┏━━
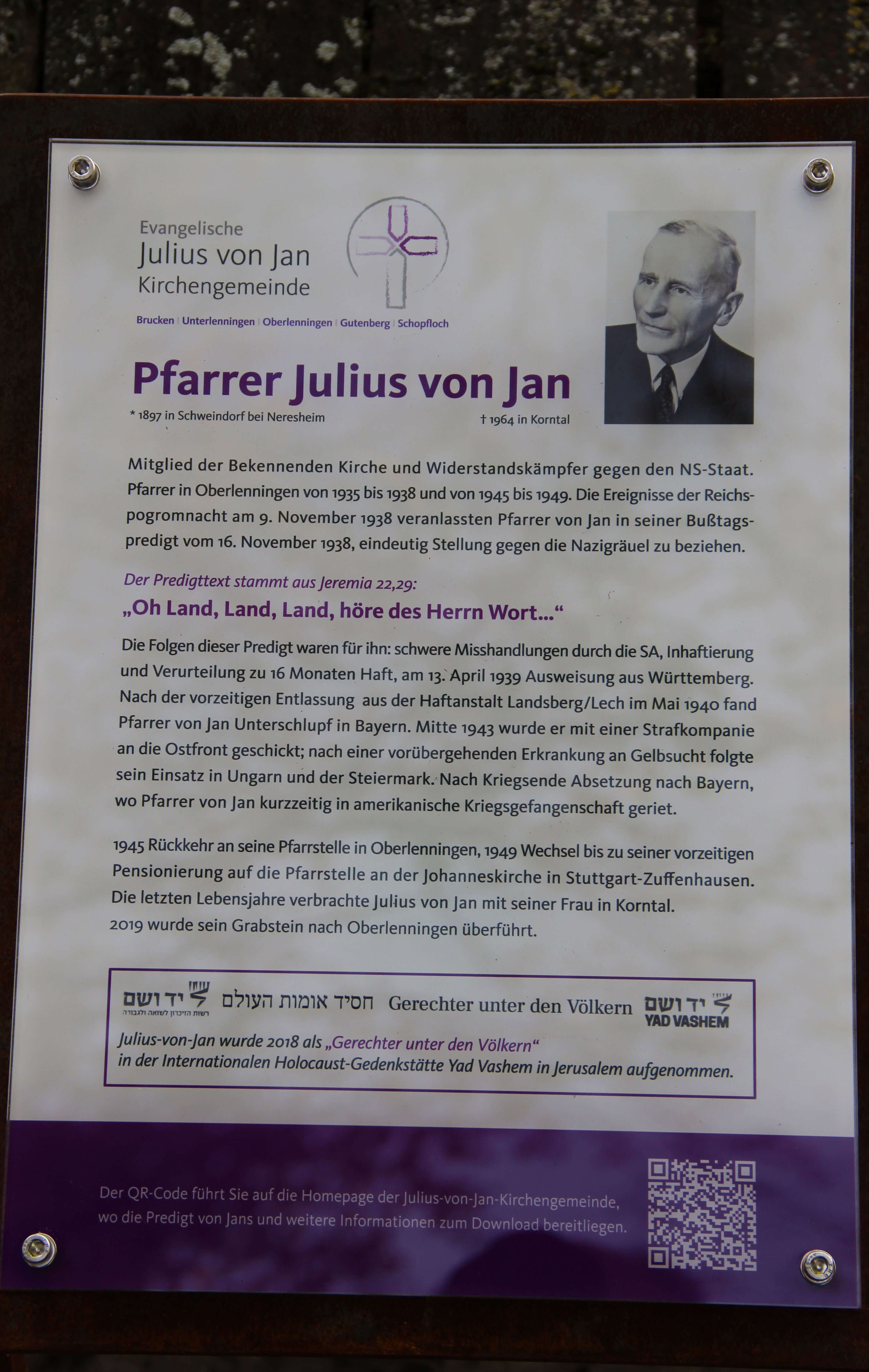 „O Land, Land, Land, höre des Herrn Wort“: Diesen Ruf des Propheten Jeremia wählte Julius von Jan damals als Predigttext. Wie einst Jeremia das Verhalten der Fürsten des Volkes Israel verurteilte, die das Gesetz Gottes mit Füßen getreten haben, so prangerte der Oberlenninger Pfarrer in seiner Predigt die Hetze der „Fürsten“ des Dritten Reiches gegen jüdische Mitbürger an: „Gotteshäuser, die anderen heilig waren, sind ungestraft niedergebrannt worden, das Eigentum geraubt oder zerstört und Männer, die dem deutschen Volk treu gedient haben, wurden ins KZ geworfen.“
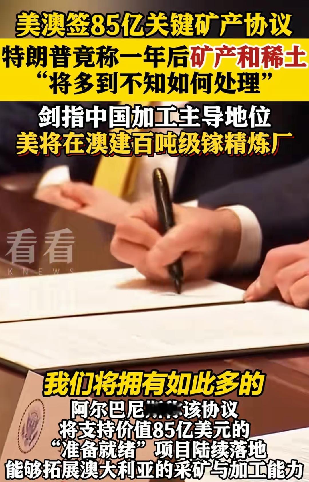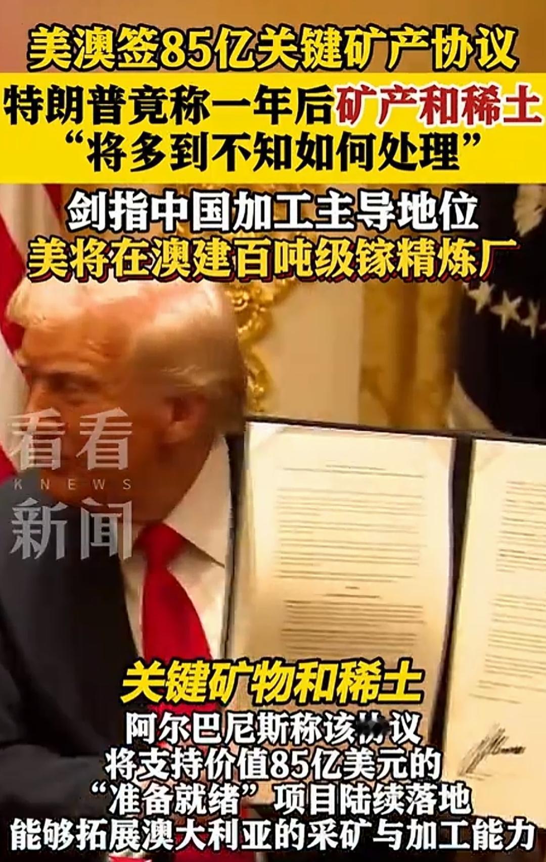 美国明年就能解决稀土问题了。税宗说的,因为他刚刚和土澳签了一个85亿美元的关键矿产大单,高兴昏了。说一年后他们的关键矿产会多到不知道该咋办。 看他那副兴高采烈的样子,仿佛第二天美国就能自产镓、锗、稀土,甩开中国,自己玩转高科技产业,可问题是,你吹牛可以,但现实不答应。 这单所谓的“关键矿产合作”,签的是和澳大利亚,可这话也就是听着响,你别说明年,你就说现在,美国手里有啥? 镓和锗的精炼厂?没有。 稀土分离工艺?靠进口。 矿石?有一部分,但开采成本高得离谱。 而且,他现在,连能提纯的技术都没有,就敢夸下海口“要实现独立供应”,这不是自欺欺人吗? 再说这85亿美元的大单,美国看着是赚到了,但实际上美方掏钱、澳方采矿,然后再运回美国加工,这一进一出,运输成本、能耗成本全得翻倍。 更离谱的是,澳大利亚估计连电都不够供应的,你建个百吨级的镓精炼厂,天天耗电量,跟钢铁厂一样,你拿什么支撑?靠袋鼠跑轮子吗? 所以,这事本质,不是技术突破,是政治表演,其实,这场所谓的“稀土独立梦”,从一开始,就注定只能是场政治戏。 美国不是没资源,是没体系,不是没钱,是没人,不是没想法,是没办法执行。 中国花了三十年,才搭出完整的稀土产业链,从矿石开采、分离提纯到下游磁材、电池,全是系统工程。 (每天更新,点进主页我们一起看世界!喜欢文章的可以帮忙点个关注点个赞~) 美国想靠一个合约,一年时间抄捷径,根本不可能,大家怎么看?
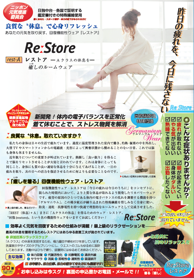 ストレス等により体内から失われた電子を補完するゲルマニウムを特殊技術で直接繊維に練り込んだレストアは、疲労回復機能を半永久的に発揮し続けます。あなたの体内の調子を復活させ、明日への活力を取り戻す、ヒーリング・リカバリーウェアを、今すぐお試しください!
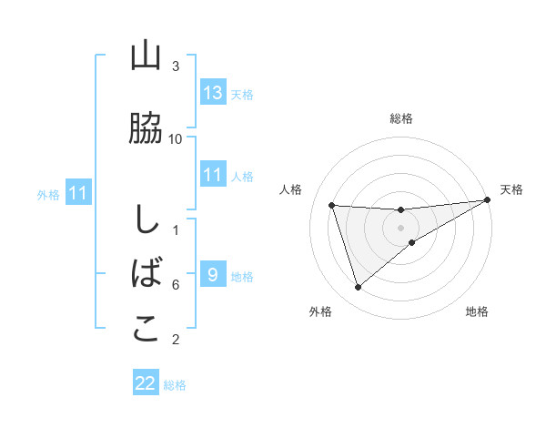 山脇 しばこさんの総格は22画の1点!
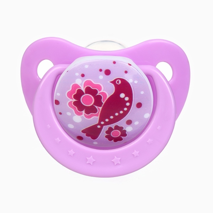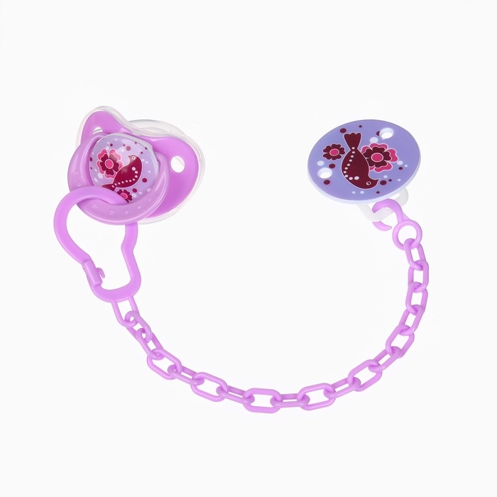 Пустышка ортодонт., с колпачком и держателем, от 0 мес., цвет Фиолет / Роз
┗━━
[What is being asked]:
From the line containing "山脇 しばこさんの総格は22画の1点!" to the end of the data above, give those lines again verbatim, with both endpoints included and no images.

[Your response]:
 山脇 しばこさんの総格は22画の1点!
 Пустышка ортодонт., с колпачком и держателем, от 0 мес., цвет Фиолет / Роз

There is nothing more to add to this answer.